Applying StatXact® 9 New Methods

1. Tests for Two Ordered Correlated Multinomials

StatXact 9 example - Wilcoxon Rank Sum, Normal Scores, Savage Scores and Permutation tests with general scores for correlated data.

The data is gathered on two multinomial populations. For each population the response categories are ordered. Each population can have multiple clusters but no cluster is shared by both of the populations. We adopt the exponential family model in Heagerty and Zeger (1996) and conditional analysis suggested by Corcoran et.al.(2001) and make the following assumptions:

1. Exchangeability between observations within cluster

2. Three way and higher association parameters are assumed to be zero

3. Assume cluster independence

Wilcoxon Rank Sum test

We illustrate the use of the Wilcoxon Rank Sum test for two ordered correlated multinomial distributions by considering partial data from Miller and Landis (1991). The data comes from a randomized study which compares an investigative drug to a placebo in relieving the symptoms pain and spasms.

The investigators treated and evaluated patients on three levels of response: worse or no change, slight improvement, and more improvement or cured which are coded as 0,1 and 2 respectively. Investigators are treated as clusters, placebo will be represented as 0 and drug as 1.

The test is run on the data with the following output generated:

StatXact® gives the summary of the test statistic as well as the observed test statistic. One-sided left tailed exact p-value is 0.1793 indicating that at 5% level of significance the null hypothesis of no association will be accepted.

StatXact also provides exact 2*1-sided p-value which is 0.3586 for right tailed alternative in this example. Exact P-value for two- sided alternative is also provided which is 0.3595. StatXact builds the exact distribution of the test statistic. The probability that the test statistic value is equal to the observed value is called the point probability which in this example is 0.01194.

2. Exact Designs added to Power and Sample Size menu

Non-inferiority, Superiority and Equivalence tests for ratio of two binomial proportions have been added in this version.

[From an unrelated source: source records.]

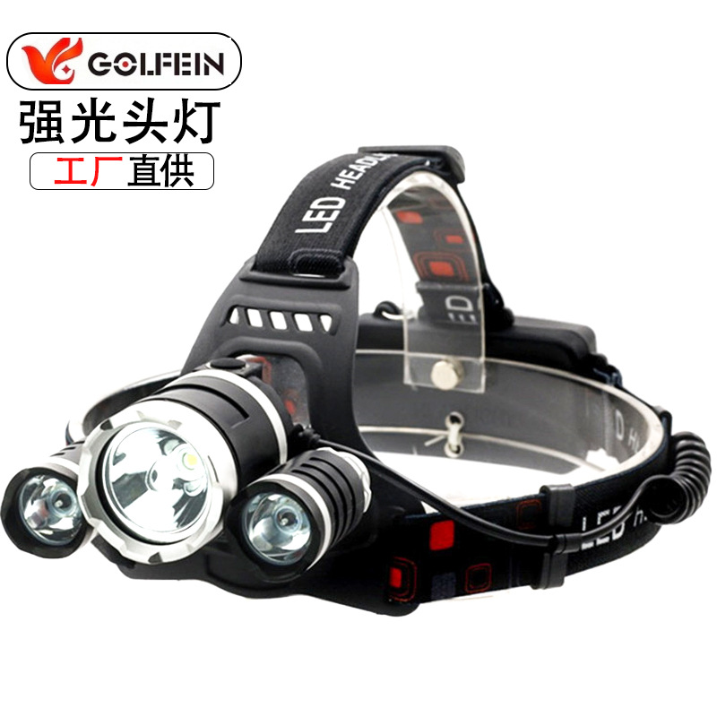 크로스 보더 강한 빛 유도 전조등 전조등 T6 고정 초점 고출력 LED 충전 전조등 야외 야간 낚시 장거리 조명
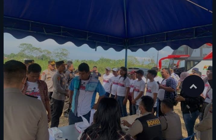 TOBA | Kepolisian lakukan test narkoba bagi 37 pengemudi shuttle bus yang akan melayani pengunjung pada perhelatan bergengsi F1 PowerBoat 2024 di Danau Toba Balige, berlangsung di Parkiran Lumban Pea, Jumat 1 Pebruari 2024.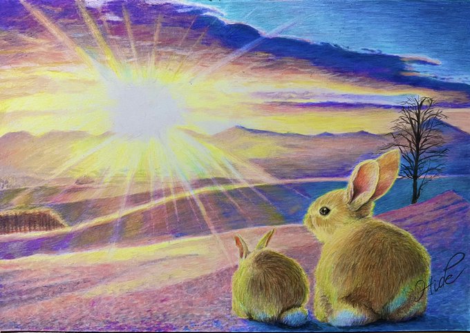#色鉛筆画 #うさぎ #あけましておめでとう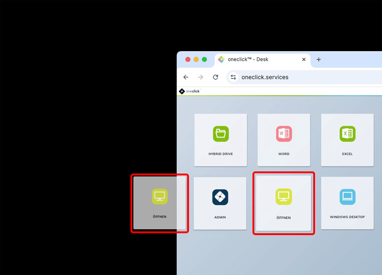 Ziehen Sie die Kachel des oneclick™ Zugriffsfensters per Drag & Drop vom oneclick™ Desk auf Ihren Schreibtisch (Desktop). So erstellen Sie eine Verknüpfung, über die Sie das Zugriffsfenster direkt öffnen können.

To illustrate the exact design for non-inferiority for ratio of two binomial populations, consider data by Chan (1998) involving childhood nephroblastoma. The standard treatment is nephrectomy followed by post-operative radiotherapy. The experimental treatment is pre-operative chemotherapy to reduce the tumor mass, then nephrectomy.

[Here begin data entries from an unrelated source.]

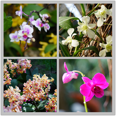 首先参观的是景观温室,3000多平米的热带雨林中林木郁郁葱葱,人造山岩上阔叶植物连蔓俏立,参天棕榈下倚靠着绰约多姿的曼妙知性女性,姹紫嫣红的繁花与彩衣云裳交相辉映,独成一派婉柔清丽美景。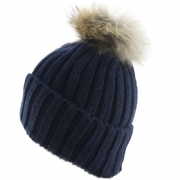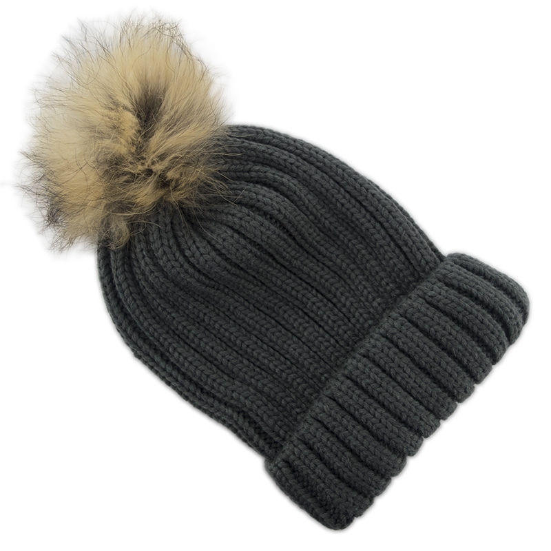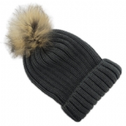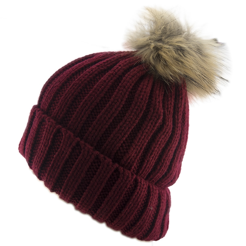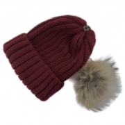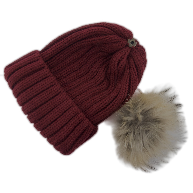 Μάλλινος σκούφος με ριγέ πλέξη και αποσπώμενο γουνάκι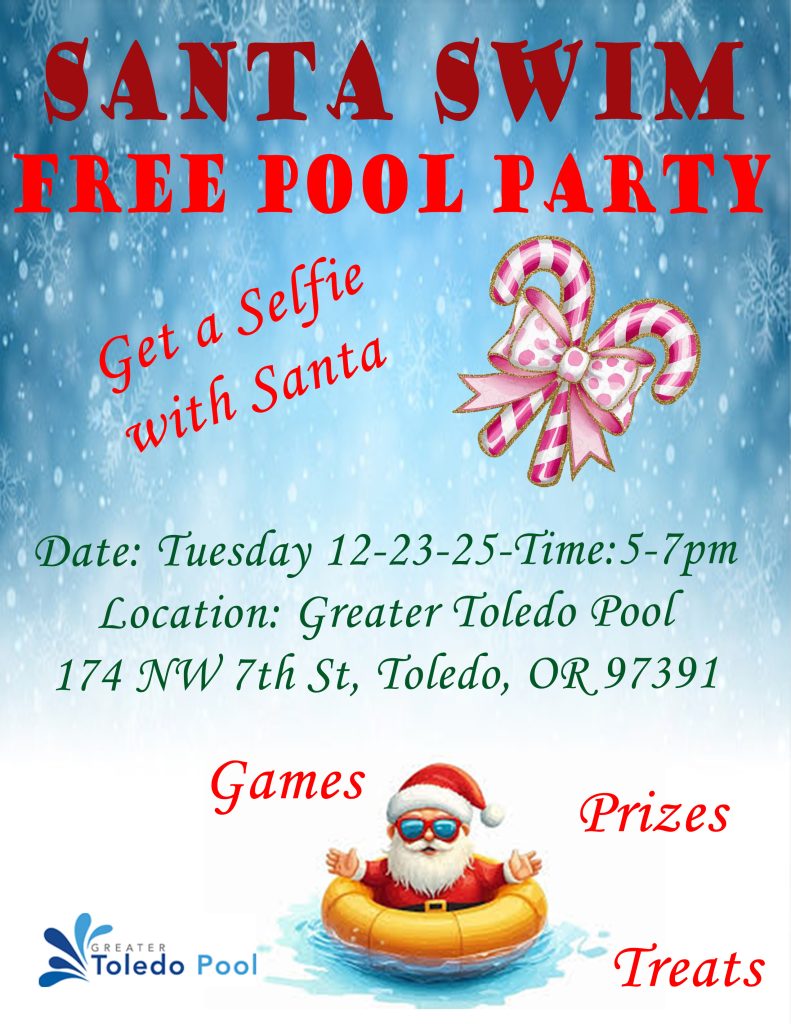 The “Swim with Santa” Christmas Party will be held at the Pool from 5:00 – 7:00 p.m. on December 23rd ….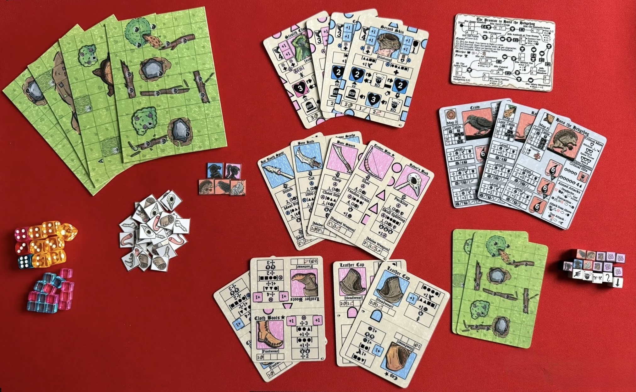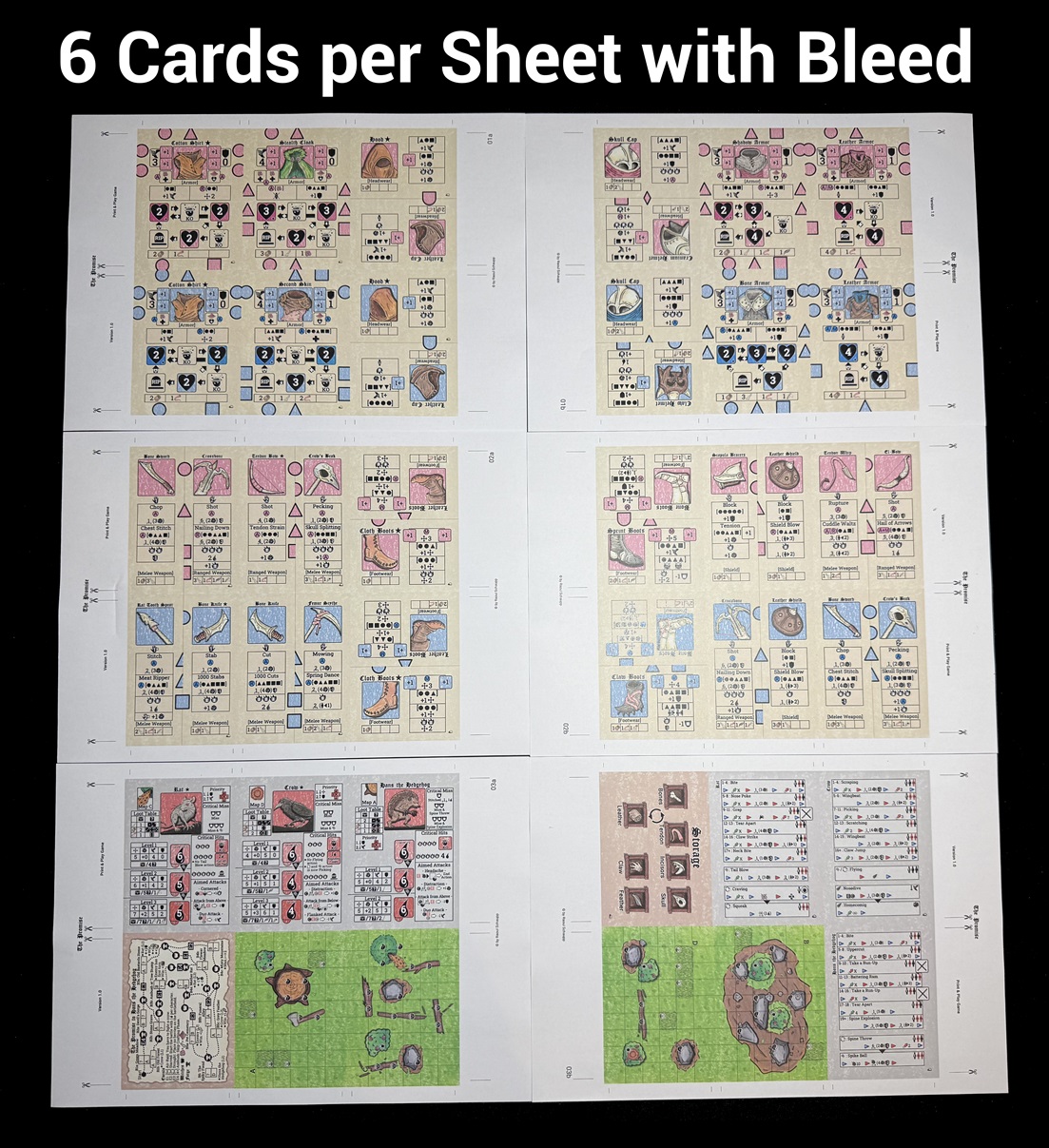 - Compact: Print 18 cards and a few tokens; all you’ll need beyond that are six standard 6-sided dice (12 mm).

Suppose we’re interested in computing power for the exact non-inferiority design for ratio of proportions. Upon entering the values in the power and sample size dialog box, clicking ‘Compute Power’ gives the output:

he exact power is computed as 99.73%.
You will also see maximum attained α is 0.0247.

References

Chan ISF (1998). Exact tests of equivalence and efficacy with a non-zero lower bound for comparative studies. Statistics in Medicine 17:1403-1413.

Corcoran C, Ryan L, Senchaudhuri P, Mehta C, Patel N, Molenberghs G. (2001). An exact trend test for correlated data. Biometrics 57:941-948.

Heagerty PJ, Zeger SL (1996). Marginal regression models for clustered ordinal measurements. Journal of the American Statistical Association 91(435):1024-1036.

Krall JM, Uthoff VA, Harley JB. (1975). A step-up procedure for selecting variables associated with survival data. Biometrics 31: 49-57.